Migration Guide: Obsrv 1.x to Obsrv 2.x

This documentation provides detailed steps to perform the obsrv migration from the 1.x version to the 2.x version.

This document outlines the migration strategy from Obsrv 1.x to Obsrv 2.x, with a focus on data integrity, minimal downtime, and operational continuity.

You have two migration options:

  • Method 1: Stop the 1.x ingestion system and upgrade everything in one go (downtime is required).

    When to choose this method:

    • If a few hours of downtime is acceptable (real-time data won’t be available for querying during that period, but historical data will still be accessible).
    • If you want the simplest upgrade process — the go-to option for a quick, no-complex migration.
  • Method 2: Using the Kafka Metadata Sync tool to replicate metadata (topics, consumer offsets, etc.) live between the old and new Kafka clusters (minimal downtime).

    When to choose this method:

    • The downtime for real-time querying should not exceed a few minutes.
    • If you are comfortable with the setup of a tool that synchronizes Kafka metadata between two systems.

  • Identify all ingestion jobs/connectors that send data to Obsrv (e.g., Kafka Connect, Debezium, Neo4j, API jobs, etc.).
  • Scale down all the connectors to prevent any new events from entering.
Terminal window
kubectl -n <namespace> scale deployment/<connector-name> --replicas=0
  • Allow services to clear all the lags:
    • Flink jobs
    • Druid ingestion tasks
    • Hudi writers
  • Monitor the consumer lag until all groups display a value of 0.
  • Create a Velero backup of the Obsrv namespace:
Terminal window
velero backup create obsrv-pre-migration --include-namespaces obsrv

4. Verify Kafka 3.6 consumer groups have zero lag

Section titled “4. Verify Kafka 3.6 consumer groups have zero lag”
Terminal window
BOOTSTRAP="kafka-headless.kafka.svc.cluster.local:9092"
kafka-consumer-groups.sh \
--bootstrap-server "$BOOTSTRAP" \
--all-groups --describe | grep -v "LAG *0"
  • No output → all lags are cleared.
  • If any number is displayed, it indicates that there is still lag; wait until the number reaches 0.
  • Update environment values in the 2.0.0 manifests (secrets, resource configuration, etc.).
  • Apply the changes and verify health of the pods.
  • By default, new datasources point to the managed Kafka version, so no manual update is needed after creation.
  • For existing datasources, you can manually update Postgres, use the Datasource Update API to modify the ingestion spec with the latest Kafka URL, or simply edit and republish the datasets — the dataset will then pick up the latest configured Kafka URL.
  • If the dataset contains any “Obsrv GA” versioned rollup data sources, update the rollup druid ingestion spec with the latest Kafka URLs.
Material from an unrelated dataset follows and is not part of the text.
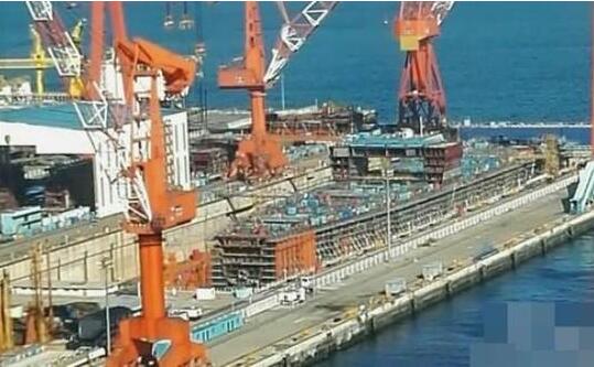 大連造船廠正在建造一艘噸位達數萬噸級別的大型船隻,該船隻被外界視為第一艘國產大型航母。內地近日有網友民發放一張疑似001A型國產航母施工現場的照片,可見船下主體部份已基本成形,船體吊裝上一個全新的大型預製件,相信屬機庫的一部份。

Then, resubmit the updated ingestion spec to Druid.
  • Keep ingestion disabled at first.
  • Run sanity tests:
    • Open the Obsrv console UI and verify the health of datasets.
    • Run basic queries either in Druid or using Query APIs.
    • Check Druid, Hudi, and Pipeline health status.
  • Once verified, gradually enable ingestion connectors and monitor logs for errors to ensure the data is ingested in the database.
  • More details of sanity checklists are defined in the Sanity Checklist section below.

Method 2 — Live Kafka Sync (Low Downtime)

Section titled “Method 2 — Live Kafka Sync (Low Downtime)”

1. Upgrade to Obsrv 2.0.0-GA (pre-release)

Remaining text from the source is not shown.